Without an automated irrigation system, the height of plants two weeks after germination is normally distributed with a mean of 2.5 centimeters and a standard deviation of 0.5 centimeter. (a) What is the probability that a plant's height is greater than 2.25 centimeters? (b) What is the probability that a plant's height is between 2.0 and 3.0 centimeters?

Suppose that \(X\) has a Weibull distribution with \(\beta=0.2\) and \(\delta=100\) hours. Determine the following: (a) \(P(X<10,000)\) (b) \(P(X>5000)\)

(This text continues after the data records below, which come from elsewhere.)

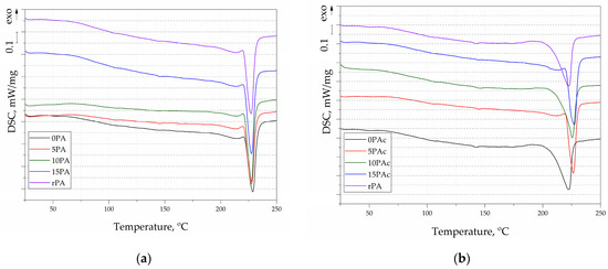 Differential scanning calorimetry (DSC) analysis was conducted using a Netzsch DSC 204F1 Phoenix (Selb, Germany). Polyamide samples weighing 10.0 ± 0.15 mg were placed in aluminum crucibles with pierced lids, heated, and cooled in the range of 25–250 °C at a rate of 10 °C/min under an inert nitrogen atmosphere with two heating/cooling cycles. The crystallinity level of the materials was calculated based on the following equation: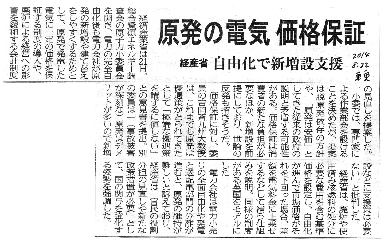 [2014_08_22_01]原発の電気 価格保証 経産省 自由化で新増設支援(東奥日報2014年8月22日)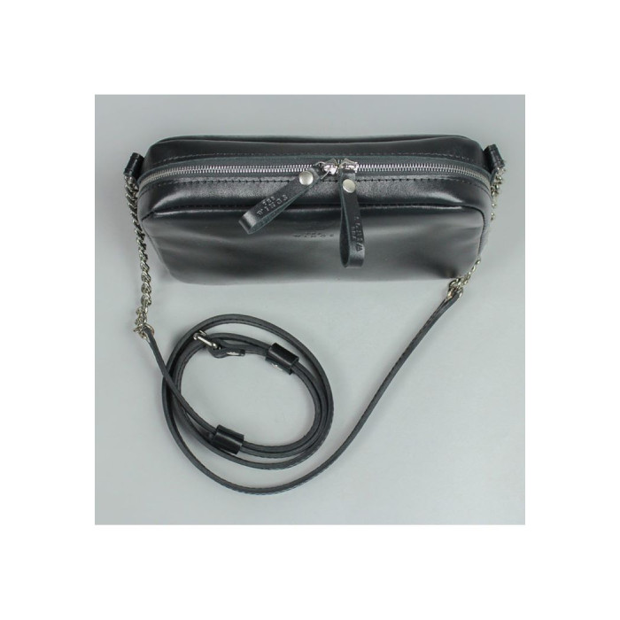 Размер: 13х22х6 Метериал: кожа, тканевый подклад Застегивается на молнию Внутри: - 1 карман на молнии - 1 обычный карман - 1 большое отделение Фурнитура: металлическая, цвет никель Шлейка несъемная – цепочка и кожаная вставка (возможен вариант сделать полностью кожаную)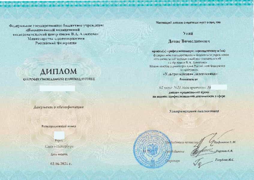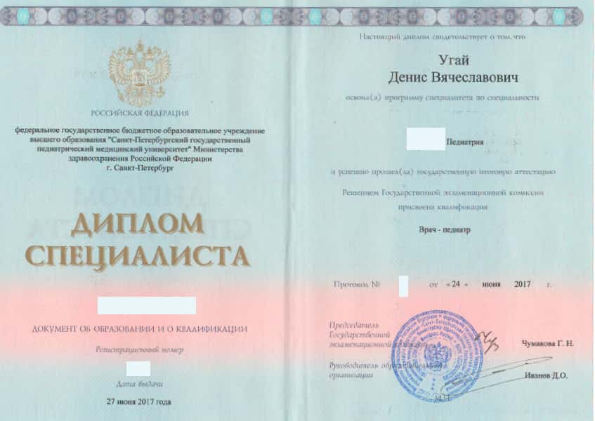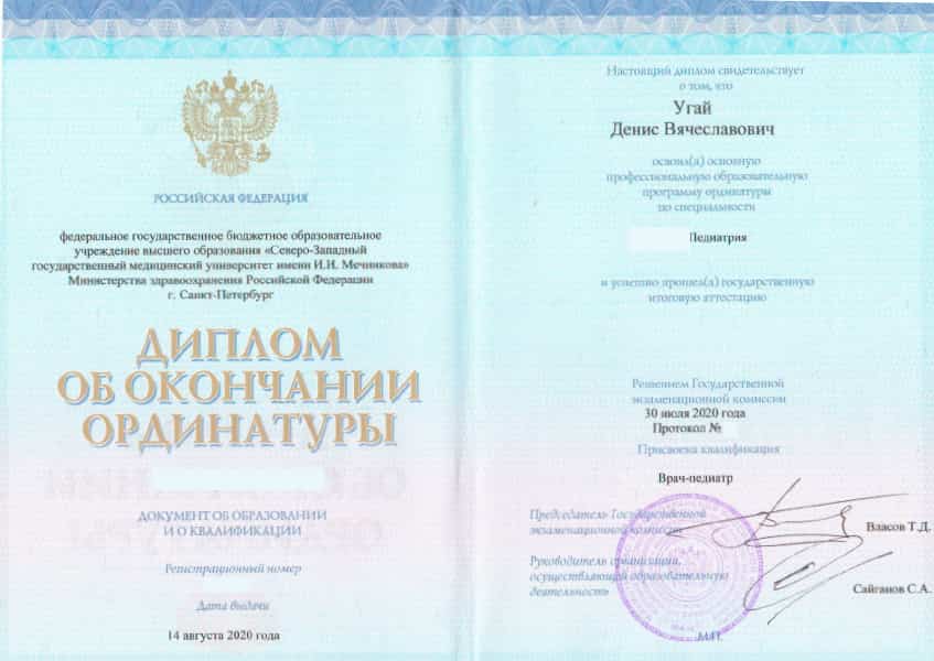 Угай Денис Вячеславович в 2017 году окончил Санкт-Петербургскую государственную педиатрическую медицинскую академию по специальности "Педиатрия". В 2020 году прошел ординатуру в Северо-Западном государственном медицинском университете имени И.И. Мечникова по специальности "Педиатрия".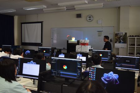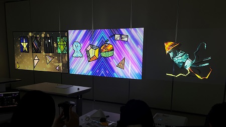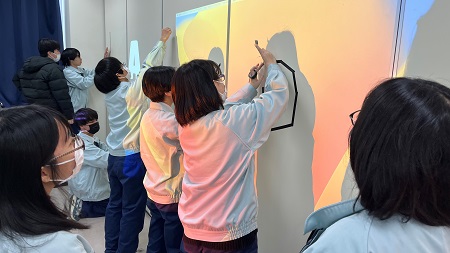 最後には、実際にプロジェクションマッピングのソフトを使用し、グループに分かれて生徒たちでプロジェクションマッピングに挑戦しました。お互いに協力しながら、それぞれのグループの個性ある作品を作ることができ、生徒たちも楽しみながら作品制作をしている様子がうかがえました。またプロジェクションマッピングの世界が身近に感じられたようで、今後の行事で挑戦したいという声が生徒たちから聞こえてきました。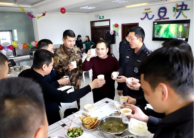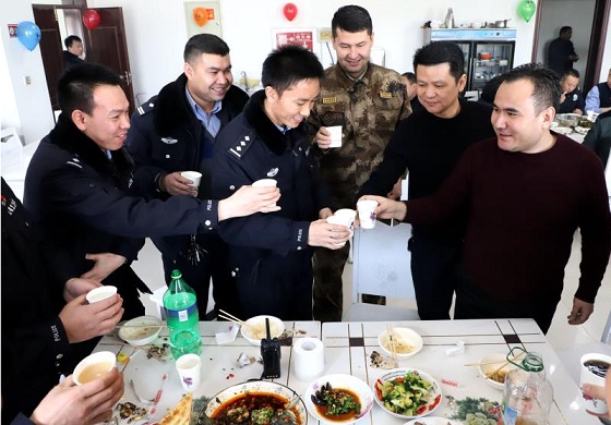 在欢乐的麦西来甫舞蹈中,短暂的聚餐联谊活动走向尾声。参加民警又一如往常走向工作岗位,以饱满的精神面貌,在社会稳定和长治久安的征途中,继续奋力拼搏。
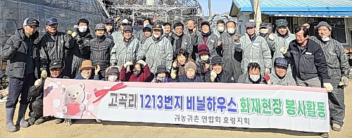 군위군 효령면 귀농귀촌연합회, 효령사랑회, 고곡2리 주민 40여명은은 지난 26일 고곡리 화재 피해 현장을 찾아 비닐하우스 철거 및 정비 봉사활동을 실시했다. 봉사단은 농장주와 사전 협의를 거쳐 현장을 방문해 하우스 내 보온커튼 및 불에 탄 부직포 철거 작업을 진행하고, 내부에 남아 있던 각종 기자재를 정리하는 등 복구를 위한 기초 정비 작업을 실시했다. [군위군 제공]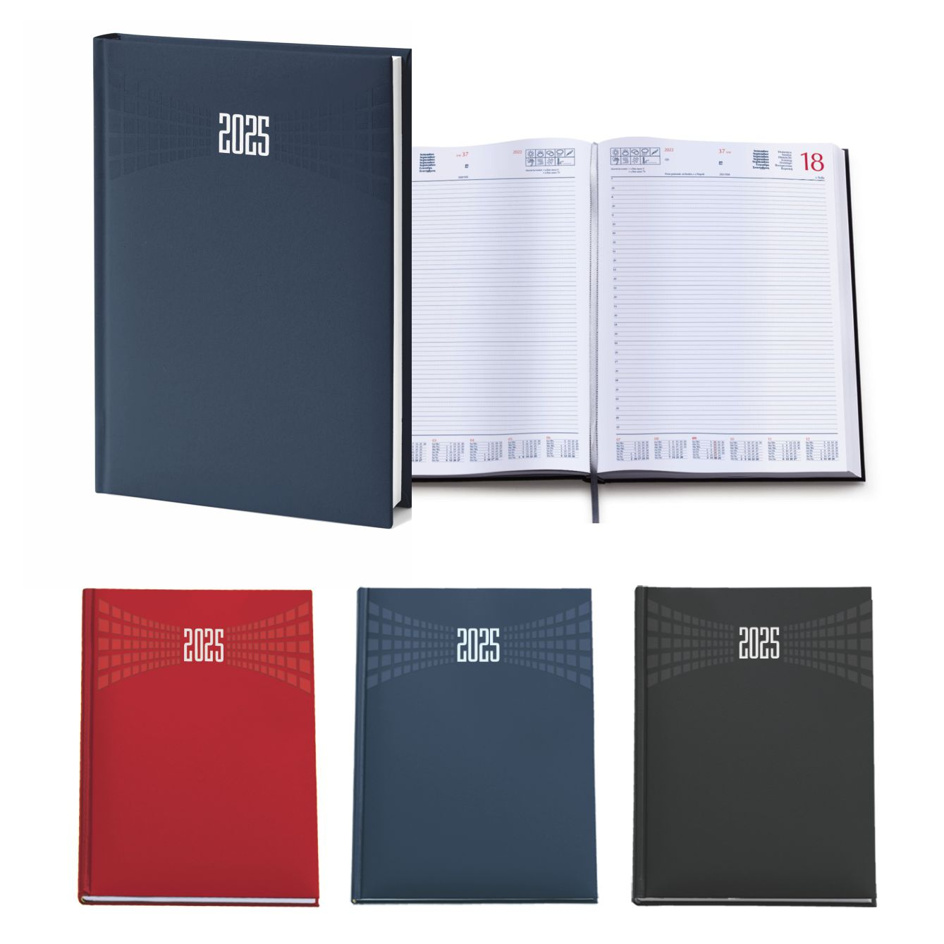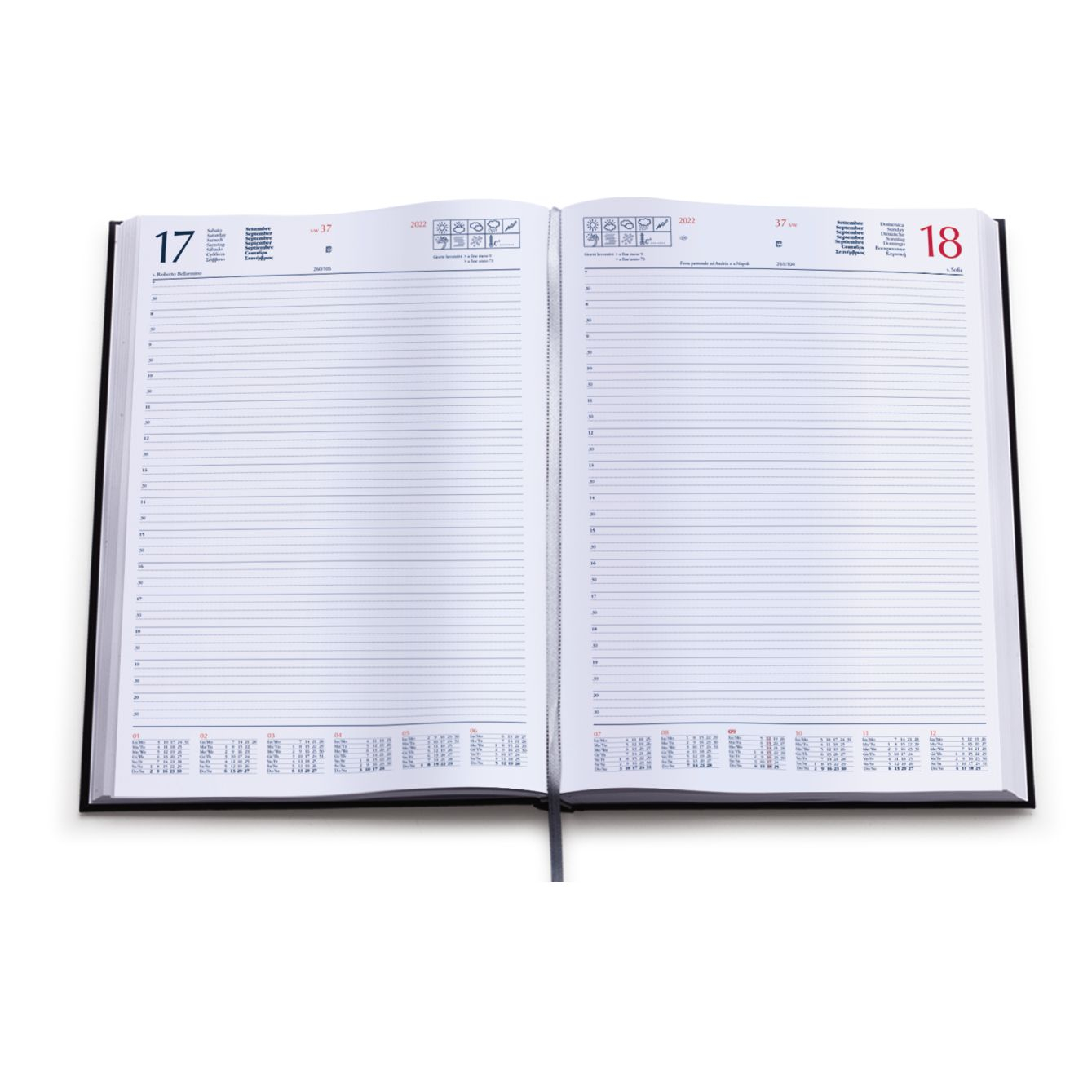 Agenda giornaliera in matra. Interno stampa 2 colori. Multilingue. Pagine 384. Sabato e dome-nica separati, rubrica telefonica, cartina geografica. Pagine perforate per facile strappo. Colori: blu, nero, rosso. Dimensioni cm 21x30

The life (in hours) of a magnetic resonance imaging machine (MRI) is modeled by a Weibull distribution with parameters \(\beta=2\) and \(\delta=500\) hours. Determine the following: (a) Mean life of the MRI (b) Variance of the life of the MRI (c) Probability that the MRI fails before 250 hours.

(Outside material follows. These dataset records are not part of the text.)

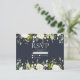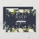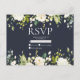 Este cartão postal de cor branca floral brilhante e romântica, cor d'água, RSVP apresenta uma sumptuosa gota verde no topo, composta por uma bela coleção de verde eucalipto e rosas brancas, hífenes e outras flores brancas. Uma disposição semelhante é colocada na parte inferior da design e atrás, e o elegante texto de convite ao estilo moderno personaliza o design no meio, com o elegante tipo branco numa textura azul-marinho moderna. Nenhum menu incluído nesta versão. Parte de um jogo de casamento. Convidados Elegantes de Direitos Autorais. Todos os direitos reservados.
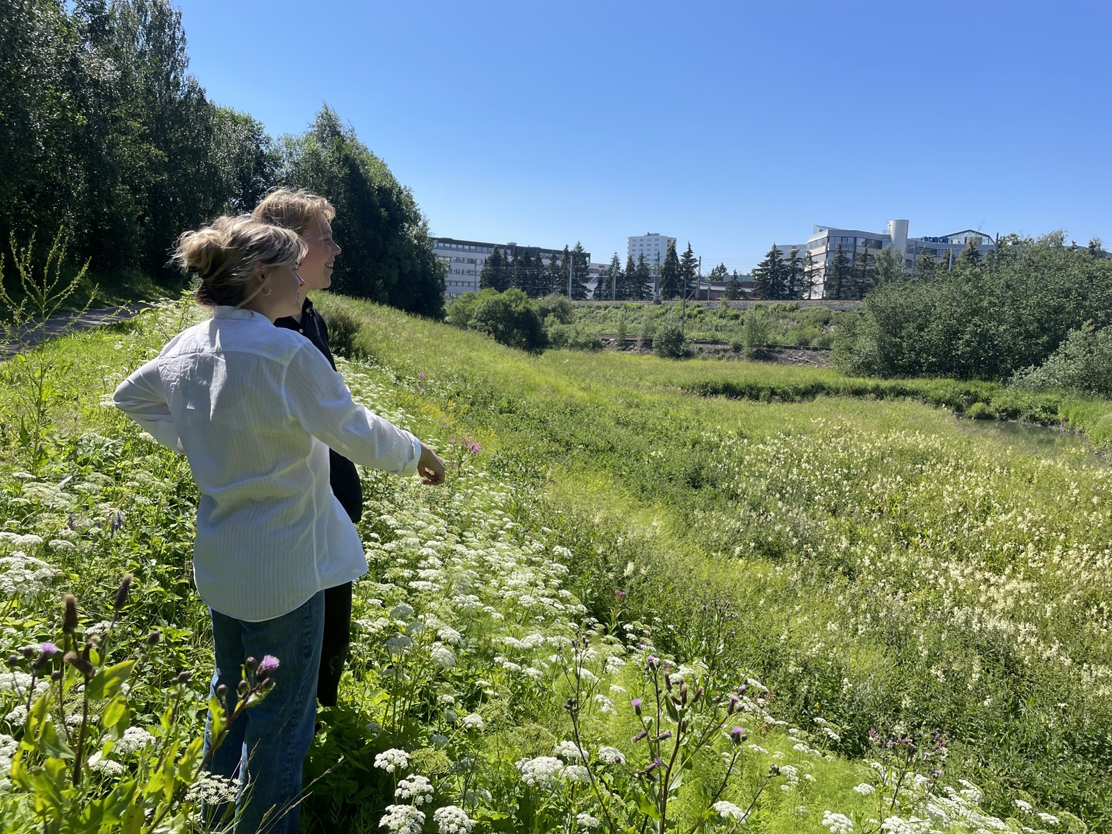 Arkitektene Tuva Marthinsen Eidsten og Una Pettersen Nakstad speider utover et av de grønneste partiene av Alnaelva. Den nesten usynlige elven er her også på sitt giftigste, med blant annet rekordstore mengder PCB.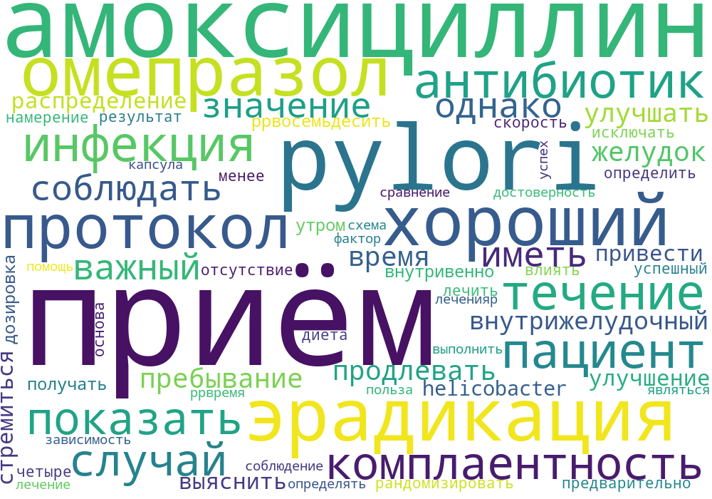 Было показано, что прием амоксициллина после еды не влияет на скорость эрадикации H. pylori ни при анализе результатов на основе намерения лечить [амоксициллин до еды был успешным в 63% случаев (25/40), после — в 65% случаев (26/40)], ни только для тех, кто хорошо соблюдает диету [до еды 81% (17/21), после 71% (20/28)]. Это исключает, с достоверностью 95%, пользу более чем на 18% от приема до или на 23% от приема после еды. Однако было показано, что хорошее соблюдение протокола имеет важное значение: эрадикация H. pylori у 76% (37/49) хорошо соблюдающих протокол пациентов по сравнению с 48% (11/23) других, выполнивших протокол (P <, 0,05).

The length of time (in seconds) that a user views a page on a Web site before moving to another page is a lognormal random variable with parameters \(\theta=0.5\) and \(\omega^{2}=1\). (a) What is the probability that a page is viewed for more than 10 seconds? (b) By what length of time have \(50 \%\) of the users moved to another page? (c) What are the mean and standard deviation of the time until a user moves from the page?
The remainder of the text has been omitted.